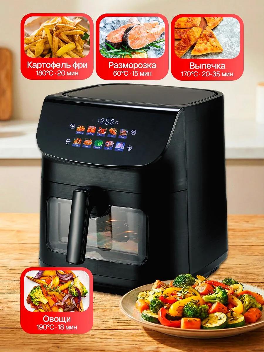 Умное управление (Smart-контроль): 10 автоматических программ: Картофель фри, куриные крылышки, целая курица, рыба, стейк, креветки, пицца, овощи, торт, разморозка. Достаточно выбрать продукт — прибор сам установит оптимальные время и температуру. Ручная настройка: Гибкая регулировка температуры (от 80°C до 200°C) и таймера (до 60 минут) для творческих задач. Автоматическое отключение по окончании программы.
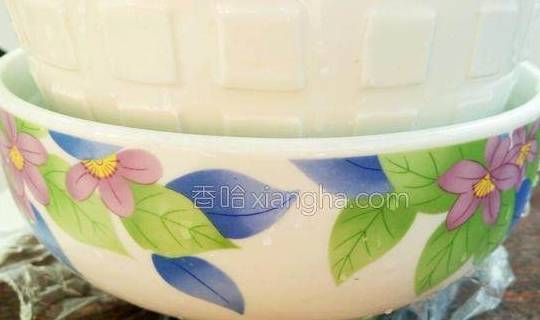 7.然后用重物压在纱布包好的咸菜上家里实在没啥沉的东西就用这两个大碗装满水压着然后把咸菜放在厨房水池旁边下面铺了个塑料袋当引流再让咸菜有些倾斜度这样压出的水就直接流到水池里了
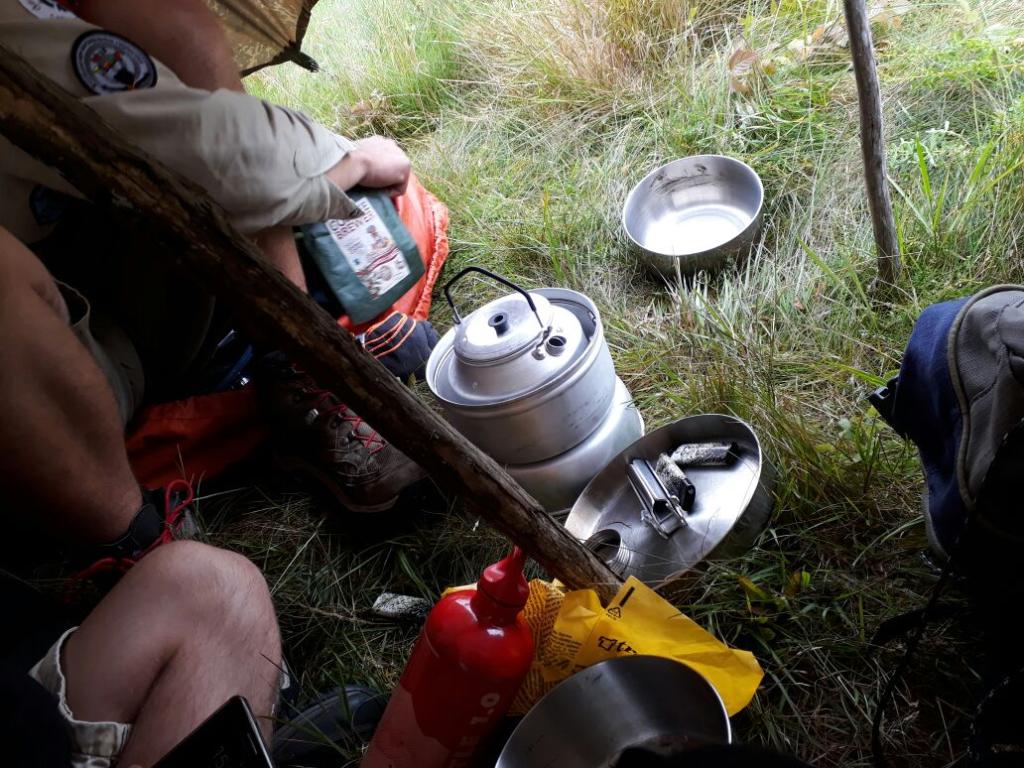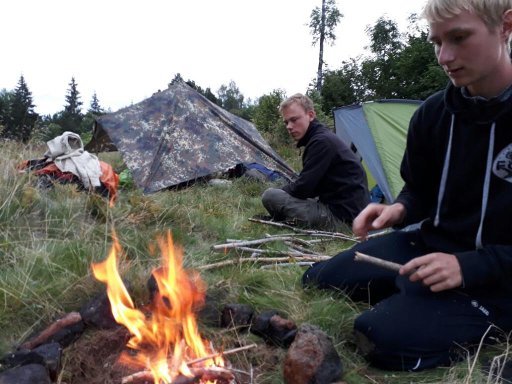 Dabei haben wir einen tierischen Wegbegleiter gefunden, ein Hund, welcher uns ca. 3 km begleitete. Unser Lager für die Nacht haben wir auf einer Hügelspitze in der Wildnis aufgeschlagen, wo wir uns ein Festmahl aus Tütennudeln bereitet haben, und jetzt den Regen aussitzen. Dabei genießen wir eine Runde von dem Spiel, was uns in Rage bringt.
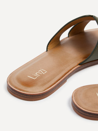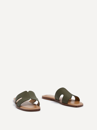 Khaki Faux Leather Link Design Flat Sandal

=====

Exercise
Would you please write out exactly the lines between the line containing "7.然后用重物压在纱布包好的" and the last line of the listing above, inclusive, without pictures?

Answer
 7.然后用重物压在纱布包好的咸菜上家里实在没啥沉的东西就用这两个大碗装满水压着然后把咸菜放在厨房水池旁边下面铺了个塑料袋当引流再让咸菜有些倾斜度这样压出的水就直接流到水池里了
 Dabei haben wir einen tierischen Wegbegleiter gefunden, ein Hund, welcher uns ca. 3 km begleitete. Unser Lager für die Nacht haben wir auf einer Hügelspitze in der Wildnis aufgeschlagen, wo wir uns ein Festmahl aus Tütennudeln bereitet haben, und jetzt den Regen aussitzen. Dabei genießen wir eine Runde von dem Spiel, was uns in Rage bringt.
 Khaki Faux Leather Link Design Flat Sandal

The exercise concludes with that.